- **ASSIGNED TASK**
All lines from the top of the records below through the line holding "APC 런어라운드라는 제품이고", and only those, should be printed exactly, minus the pictures.

(Entries taken from a collection)
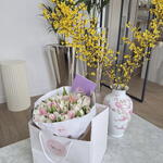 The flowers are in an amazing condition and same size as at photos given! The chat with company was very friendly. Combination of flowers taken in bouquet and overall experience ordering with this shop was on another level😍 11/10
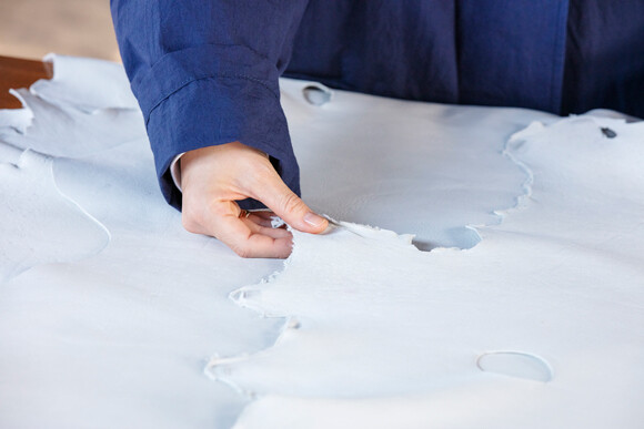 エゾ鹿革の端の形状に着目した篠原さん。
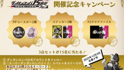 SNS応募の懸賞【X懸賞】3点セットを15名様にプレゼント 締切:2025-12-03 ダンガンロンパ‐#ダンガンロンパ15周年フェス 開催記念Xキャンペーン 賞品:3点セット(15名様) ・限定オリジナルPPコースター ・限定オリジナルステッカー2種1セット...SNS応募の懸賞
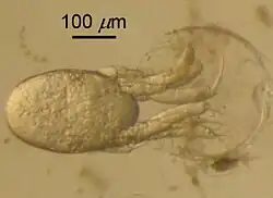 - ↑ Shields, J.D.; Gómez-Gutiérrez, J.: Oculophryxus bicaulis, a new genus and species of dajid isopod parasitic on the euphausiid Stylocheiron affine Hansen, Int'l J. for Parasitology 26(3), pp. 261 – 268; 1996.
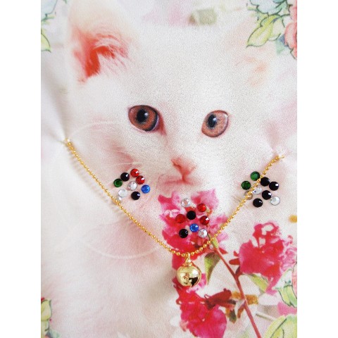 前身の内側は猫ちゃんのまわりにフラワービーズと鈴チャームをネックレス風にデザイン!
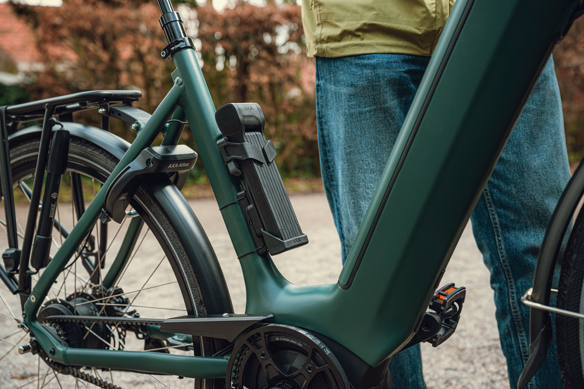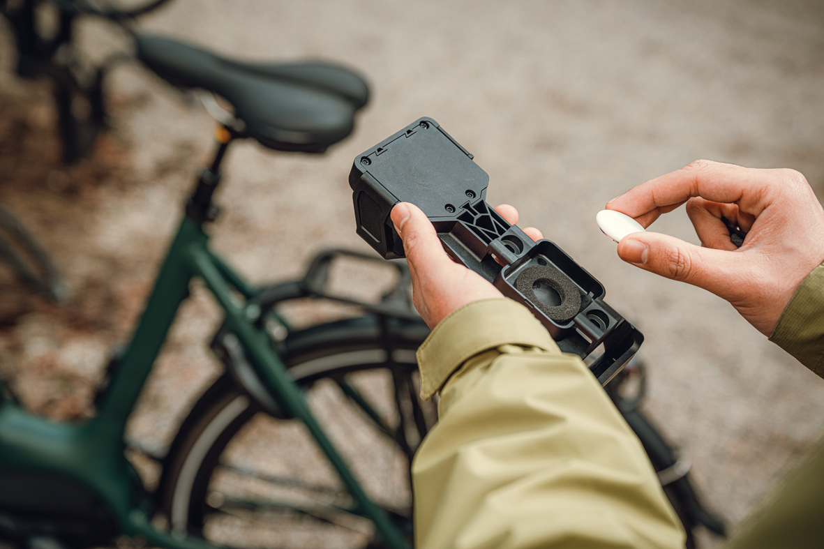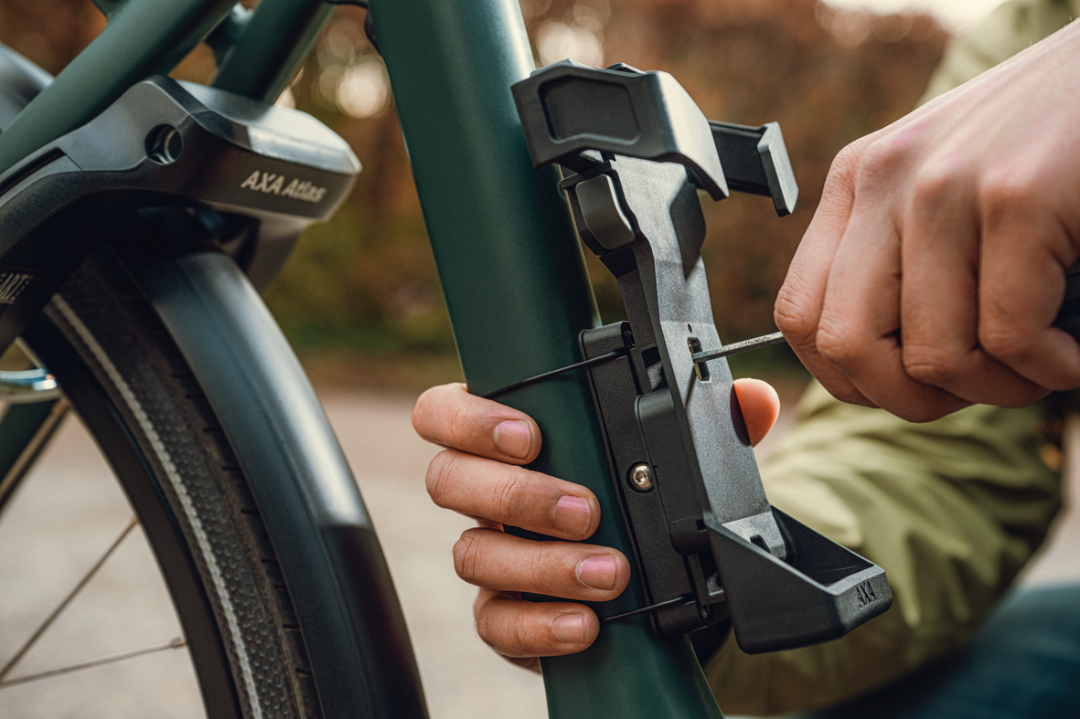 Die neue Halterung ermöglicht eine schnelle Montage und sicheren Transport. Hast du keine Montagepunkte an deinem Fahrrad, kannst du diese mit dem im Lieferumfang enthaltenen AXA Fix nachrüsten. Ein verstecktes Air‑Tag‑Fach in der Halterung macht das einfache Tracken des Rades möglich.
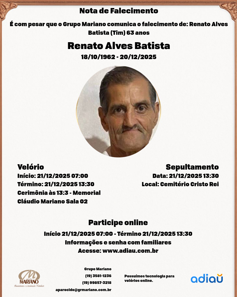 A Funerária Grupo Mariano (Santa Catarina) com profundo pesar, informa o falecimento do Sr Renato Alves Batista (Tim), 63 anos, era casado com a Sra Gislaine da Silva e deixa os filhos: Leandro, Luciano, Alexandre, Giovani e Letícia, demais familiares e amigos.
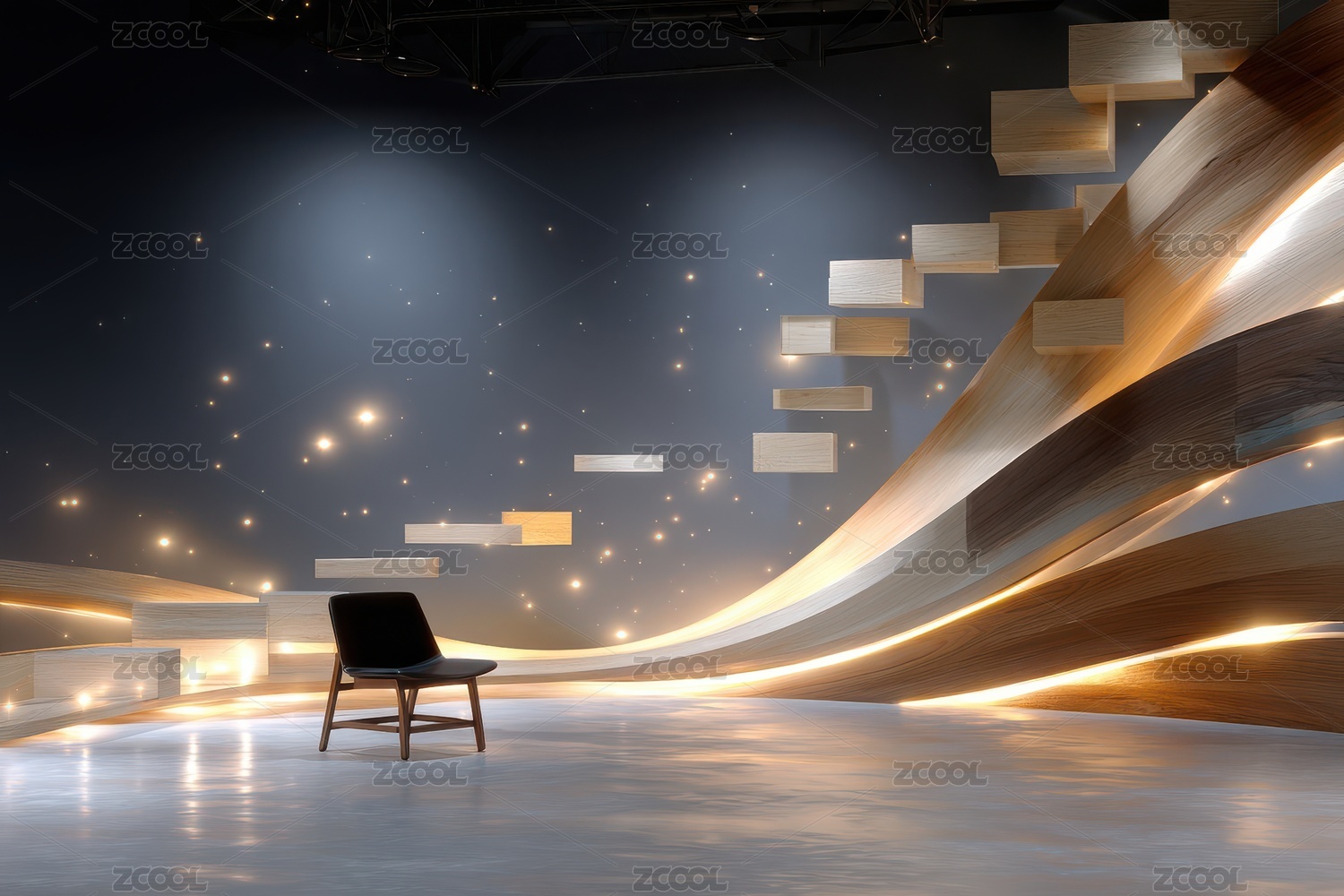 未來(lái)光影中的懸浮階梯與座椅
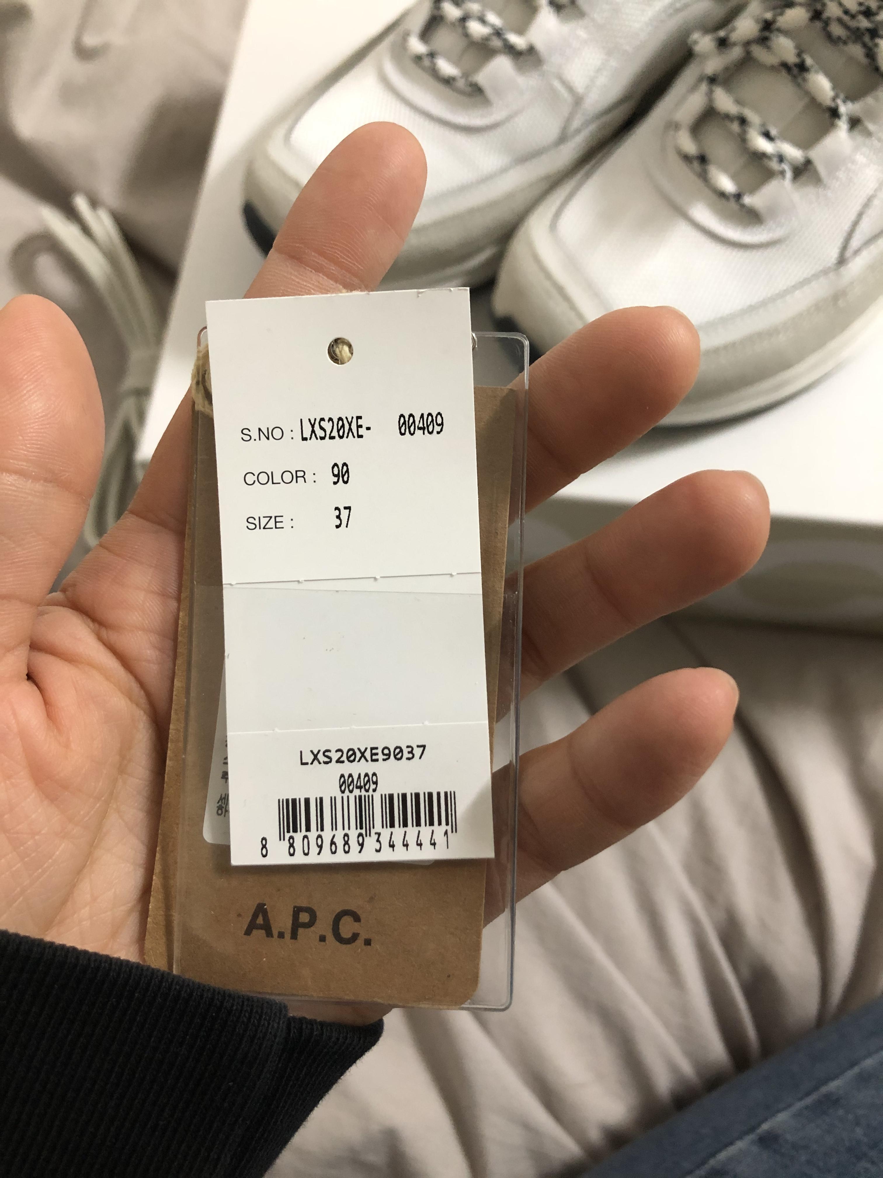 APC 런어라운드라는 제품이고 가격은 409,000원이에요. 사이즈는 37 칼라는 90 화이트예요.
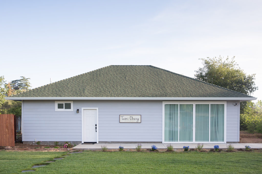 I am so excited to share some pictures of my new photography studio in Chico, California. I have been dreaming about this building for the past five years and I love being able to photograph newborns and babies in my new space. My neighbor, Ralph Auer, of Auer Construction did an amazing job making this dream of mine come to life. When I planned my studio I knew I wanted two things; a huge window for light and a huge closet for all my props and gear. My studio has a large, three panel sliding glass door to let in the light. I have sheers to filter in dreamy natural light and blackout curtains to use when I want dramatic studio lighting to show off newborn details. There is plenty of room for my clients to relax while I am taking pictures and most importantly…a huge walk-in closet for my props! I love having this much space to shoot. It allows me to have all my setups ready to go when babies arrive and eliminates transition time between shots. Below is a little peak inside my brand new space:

- **FINISHED TASK**
 The flowers are in an amazing condition and same size as at photos given! The chat with company was very friendly. Combination of flowers taken in bouquet and overall experience ordering with this shop was on another level😍 11/10
 エゾ鹿革の端の形状に着目した篠原さん。
 SNS応募の懸賞【X懸賞】3点セットを15名様にプレゼント 締切:2025-12-03 ダンガンロンパ‐#ダンガンロンパ15周年フェス 開催記念Xキャンペーン 賞品:3点セット(15名様) ・限定オリジナルPPコースター ・限定オリジナルステッカー2種1セット...SNS応募の懸賞
 - ↑ Shields, J.D.; Gómez-Gutiérrez, J.: Oculophryxus bicaulis, a new genus and species of dajid isopod parasitic on the euphausiid Stylocheiron affine Hansen, Int'l J. for Parasitology 26(3), pp. 261 – 268; 1996.
 前身の内側は猫ちゃんのまわりにフラワービーズと鈴チャームをネックレス風にデザイン!
 Die neue Halterung ermöglicht eine schnelle Montage und sicheren Transport. Hast du keine Montagepunkte an deinem Fahrrad, kannst du diese mit dem im Lieferumfang enthaltenen AXA Fix nachrüsten. Ein verstecktes Air‑Tag‑Fach in der Halterung macht das einfache Tracken des Rades möglich.
 A Funerária Grupo Mariano (Santa Catarina) com profundo pesar, informa o falecimento do Sr Renato Alves Batista (Tim), 63 anos, era casado com a Sra Gislaine da Silva e deixa os filhos: Leandro, Luciano, Alexandre, Giovani e Letícia, demais familiares e amigos.
 未來(lái)光影中的懸浮階梯與座椅
 APC 런어라운드라는 제품이고 가격은 409,000원이에요. 사이즈는 37 칼라는 90 화이트예요.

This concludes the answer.